◆ **DATA PROVIDED**:
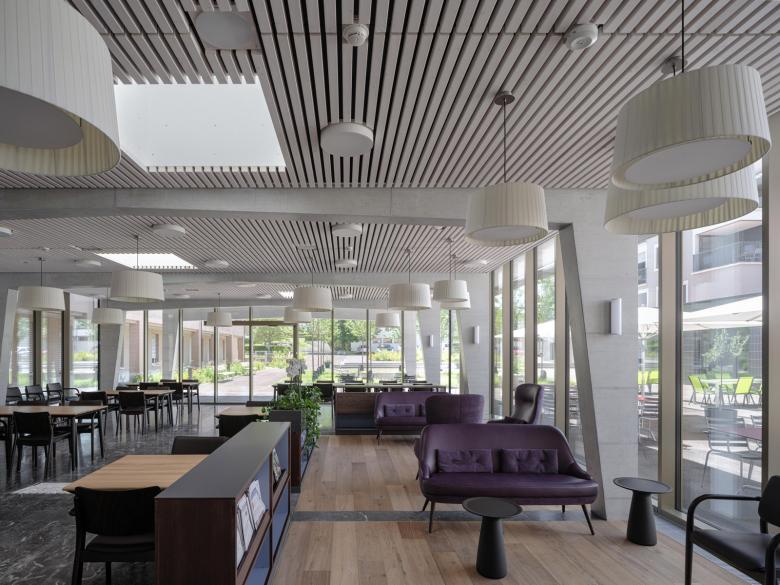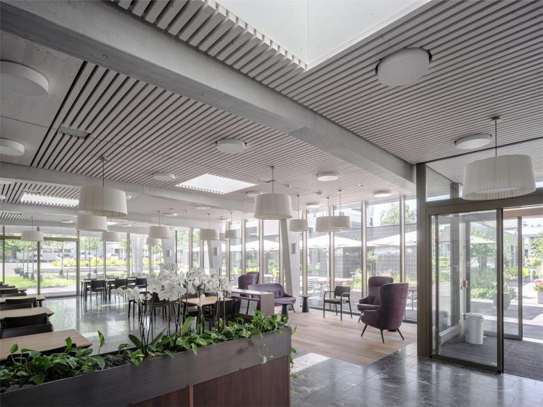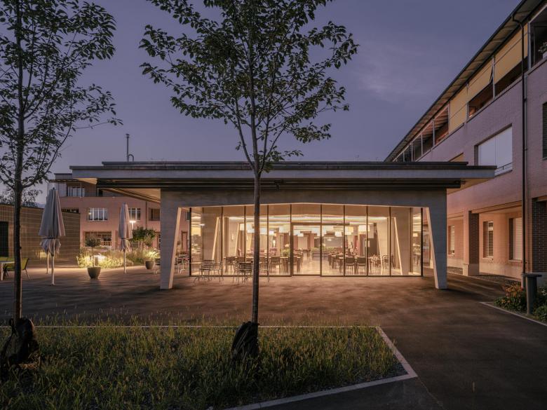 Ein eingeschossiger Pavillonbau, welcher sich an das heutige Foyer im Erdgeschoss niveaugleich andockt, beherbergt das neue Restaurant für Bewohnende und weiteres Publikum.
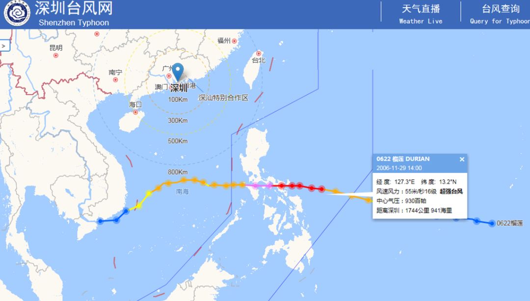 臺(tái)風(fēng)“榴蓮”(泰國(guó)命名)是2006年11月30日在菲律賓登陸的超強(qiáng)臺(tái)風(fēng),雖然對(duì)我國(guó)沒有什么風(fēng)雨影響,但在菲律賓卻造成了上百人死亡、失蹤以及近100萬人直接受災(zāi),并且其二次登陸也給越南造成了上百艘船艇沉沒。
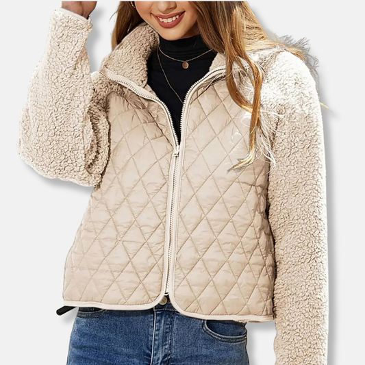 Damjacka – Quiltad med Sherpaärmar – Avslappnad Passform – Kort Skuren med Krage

* * *

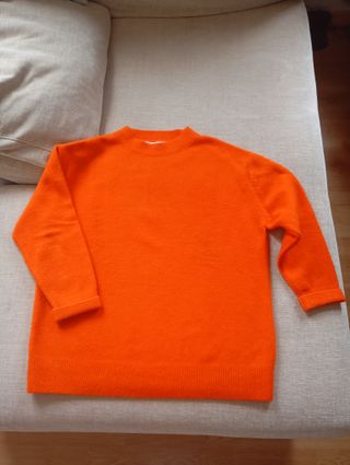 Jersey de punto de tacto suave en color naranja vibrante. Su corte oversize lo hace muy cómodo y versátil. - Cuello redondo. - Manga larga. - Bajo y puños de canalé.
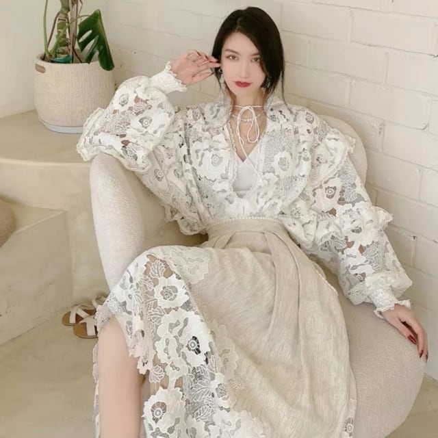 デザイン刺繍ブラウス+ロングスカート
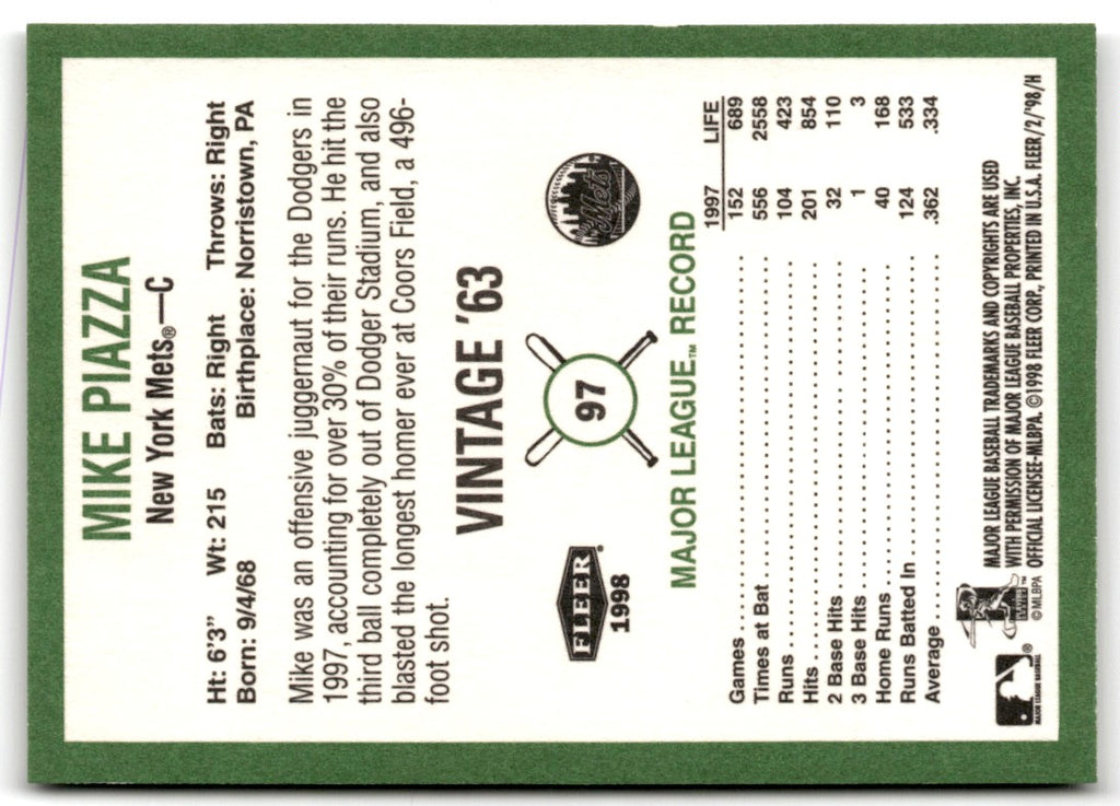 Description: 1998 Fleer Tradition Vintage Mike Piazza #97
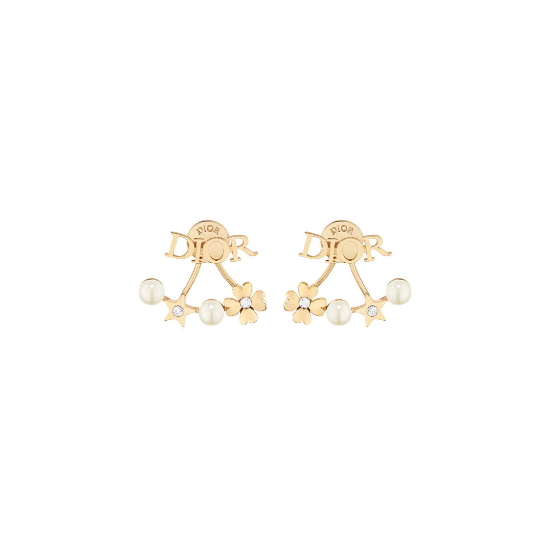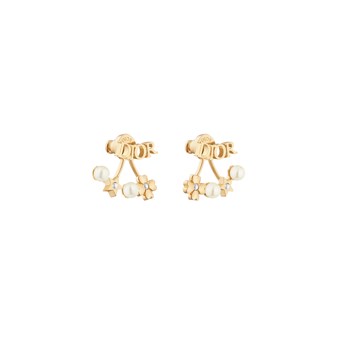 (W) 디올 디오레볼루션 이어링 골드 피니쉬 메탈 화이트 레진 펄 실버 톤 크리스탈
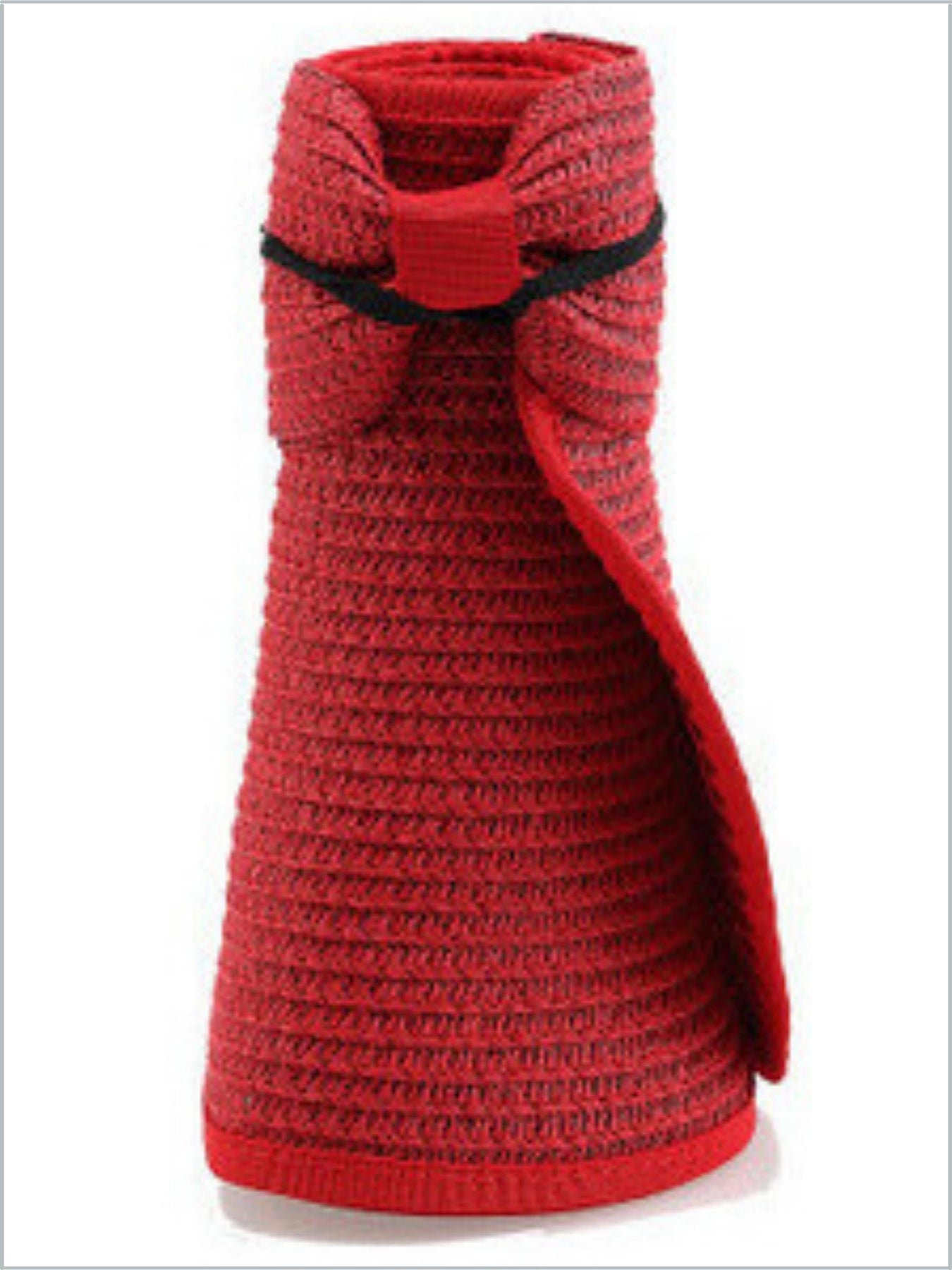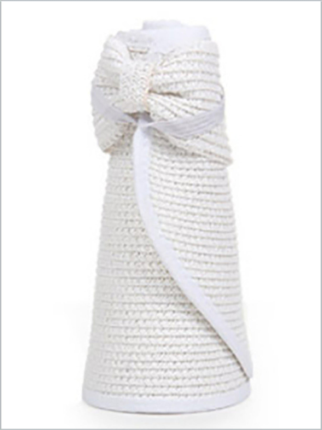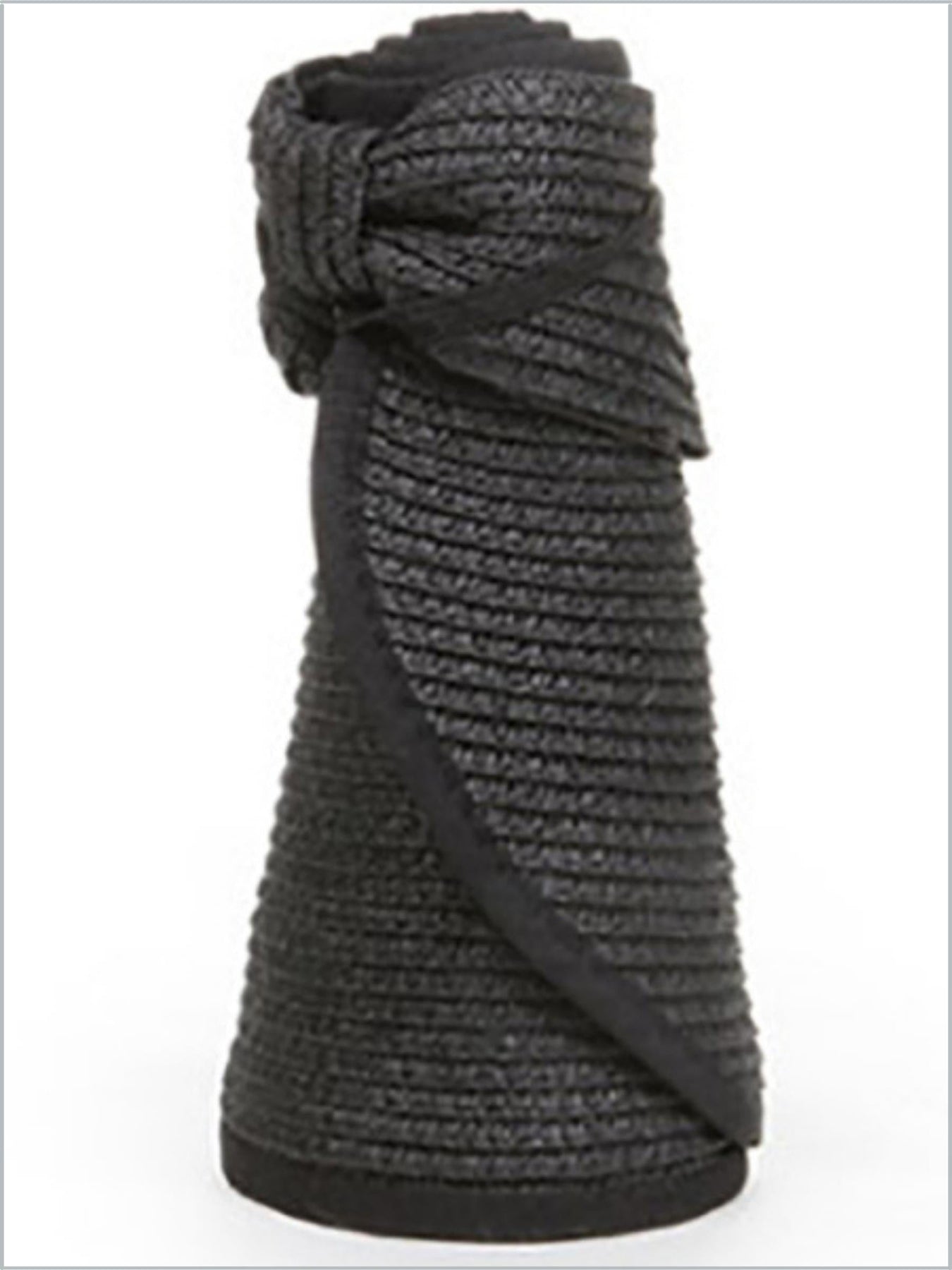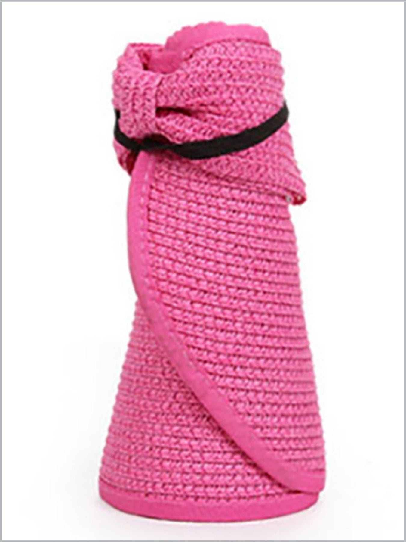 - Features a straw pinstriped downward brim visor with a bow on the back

---

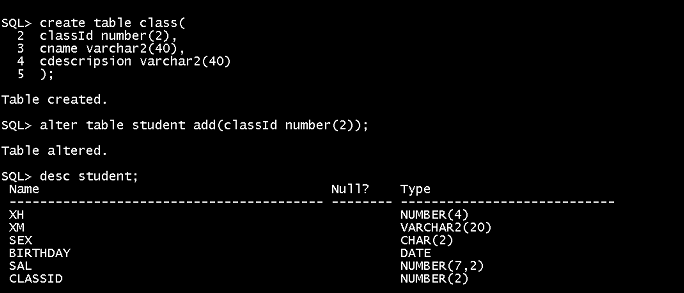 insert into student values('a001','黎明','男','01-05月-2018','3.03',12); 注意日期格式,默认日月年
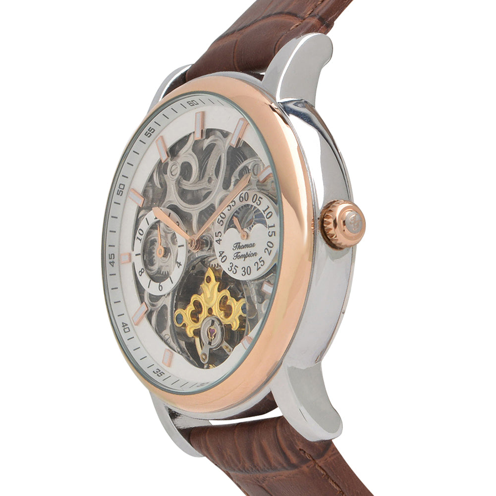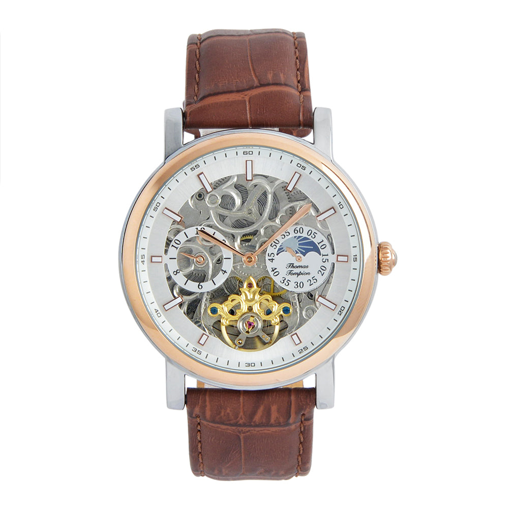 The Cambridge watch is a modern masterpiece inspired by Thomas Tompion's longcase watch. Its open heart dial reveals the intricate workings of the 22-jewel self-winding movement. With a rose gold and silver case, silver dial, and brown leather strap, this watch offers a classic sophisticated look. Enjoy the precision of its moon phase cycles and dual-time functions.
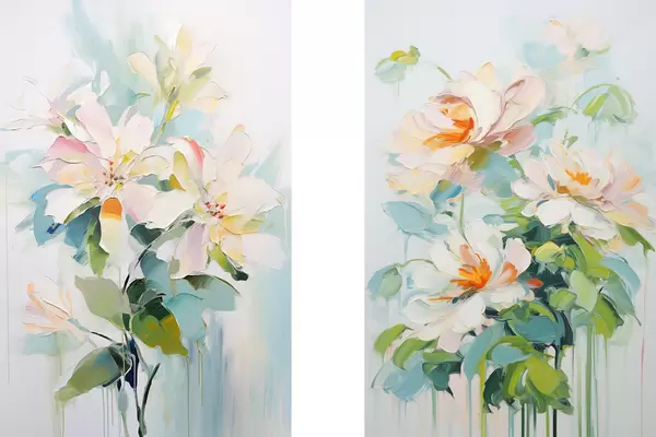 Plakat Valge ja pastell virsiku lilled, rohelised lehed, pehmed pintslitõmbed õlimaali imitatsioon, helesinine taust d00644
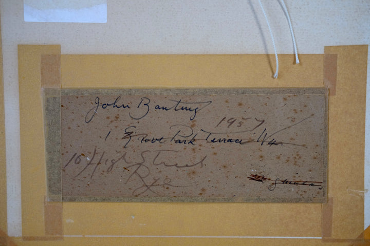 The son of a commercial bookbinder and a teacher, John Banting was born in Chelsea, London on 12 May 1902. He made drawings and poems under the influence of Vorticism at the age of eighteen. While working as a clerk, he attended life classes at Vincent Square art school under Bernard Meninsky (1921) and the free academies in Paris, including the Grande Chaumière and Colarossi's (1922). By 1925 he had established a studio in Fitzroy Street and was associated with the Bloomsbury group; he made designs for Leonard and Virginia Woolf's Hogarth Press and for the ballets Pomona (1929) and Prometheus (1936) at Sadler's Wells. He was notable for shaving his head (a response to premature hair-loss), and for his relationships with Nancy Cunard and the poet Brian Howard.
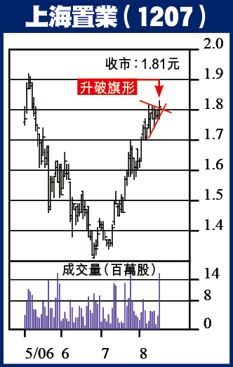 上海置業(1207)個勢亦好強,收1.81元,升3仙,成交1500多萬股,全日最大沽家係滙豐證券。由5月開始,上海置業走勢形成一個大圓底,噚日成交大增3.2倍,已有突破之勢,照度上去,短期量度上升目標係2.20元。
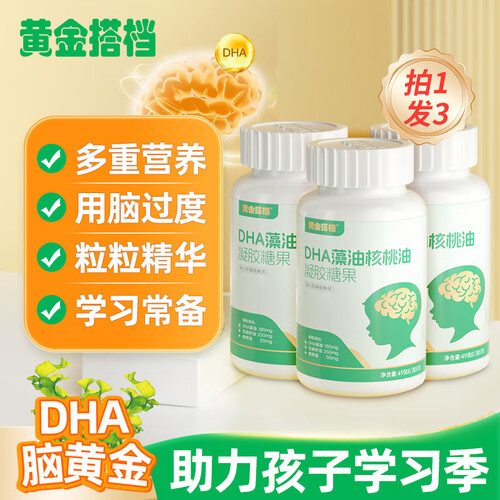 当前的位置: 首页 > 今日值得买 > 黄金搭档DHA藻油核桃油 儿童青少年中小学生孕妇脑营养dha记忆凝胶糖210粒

◆ **EXERCISE OBJECTIVE**: Look above for the line with "デザイン刺繍ブラウス+ロングスカート", then give again exactly every line from there through the line with "- Features a", skipping the pictures.

◆ **ANSWER BELOW**:
 デザイン刺繍ブラウス+ロングスカート
 Description: 1998 Fleer Tradition Vintage Mike Piazza #97
 (W) 디올 디오레볼루션 이어링 골드 피니쉬 메탈 화이트 레진 펄 실버 톤 크리스탈
 - Features a straw pinstriped downward brim visor with a bow on the back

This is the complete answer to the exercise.